Tyburn, London’s site of execution between 1571 and 1783 where over 60,000 were hung in a carnival atmosphere. Until later times the cause of death was strangulation with friends and relations pulling the victim by the feet to hasten death.

Cheapside

Cheapside derives from the Saxon ‘ceap’ meaning to sell or barter. From its’ earliest history Cheapside was a market and the side street, Poultry was the area in the market where poultry was sold.

St Mary Le Bow

Situated in Cheapside a church has stood here since Saxon times. It was rebuilt in 1666 after the Great Fire of London. To be born with the sound of the ‘Bow Bells’ means you are true London Cockney.

Houndsditch

The name Houndsditch is thought to have derived from the ditch that surrounded the city wall into which filth including dead dogs (hounds) were thrown.

Camomile Street

Camomile Street derives it’s name when in the Middle ages there was a camomile-covered wasteland here. The herb thought to help numerous health problems  was gathered and sold in local markets.

Mitre Square

30th September 1888, Catherine Eddows  46, was ‘Jack the Ripper’s,  forth victim; the only one murdered within the City walls. Her mutilated body was found at 1.45am after she was released at 1am from Bishopsgate Police Station for being drunk. 

Charterhouse

The Carthusian Priory or Charterhouse was built here in 1371 over the burial site of some 50,000 victims of the Black Death. The Reformation closed it in 1537. The Prior was hanged, drawn and quartered, nine monks starved to death in Newgate Prison and one was hanged.

Smithfield

Smithfield today’s meat market was the site where heretics and other religious dissidents were burnt at the stake.

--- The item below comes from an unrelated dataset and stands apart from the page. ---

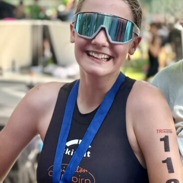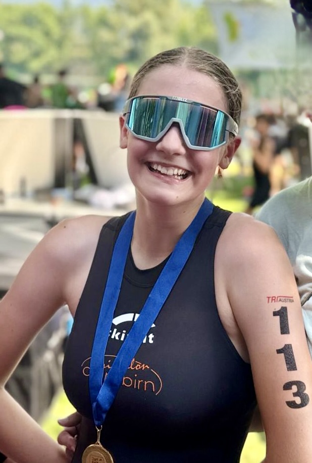 Am Samstag, den 9. August 2025 bestritt Coletta erfolgreich ihren 1. Triathlon am Jannersee! Es waren insgesamt 407 Teilnehmer:innen. Coletta startete in der Kategorie Schüler:innnen B w und absolvierte 300 m Schwimmen in 05:43, die 7,5 km Radfahren in einer Zeit von 13:14 Minuten und 2 km Laufen in 12:28.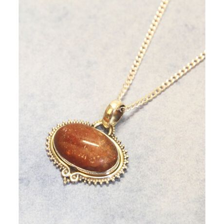 【ヴィンテージ1点もの天然石】ゴールドサンドストーン楕円ネックレス

In 1532 Richard Rose, convicted of poisoning seventeen people and attempting to murder his master, the Bishop of Lancaster, was boiled alive.

Marshalsea Road

Marshalsea Prison, known as the debtors prison was sited here and where Charles Dickens father was incarcerated in 1824. No doubt it was the author’s experience that led to the novel Little Dorrit.

Paris Gardens

Circa 1530 William Baselly converted Paris Gardens Manor into a casino with cards, dice and bowling alley. In 1536 its success caused new owner Henry VIII to raise rents from £10 – £52 per year. 520% increase

79 Pall Mall

Charles II gave the freehold of this property to his famous mistress Nell Gywnn, which is why it is now the only property on the south side of Pall Mall not owned by the Crown.

190 The Strand

In 1961, the Kroger spy-ring was uncovered in an antiquarian bookshop here. Many books were sent overseas containing UK secrets in microdots. Mr & Mrs Kroger received a twenty year sentence but were exchanged with the Soviet Union in 1969.

Trafalgar Square

During the 1920’s con-artist Arthur Ferguson posing as a civil servant sold an American Nelson’s Column for £6,000 (about £112,000 in 2024). He also ‘sold’ Buckingham Palace, Big Ben, The Whitehouse and the Statue of Liberty.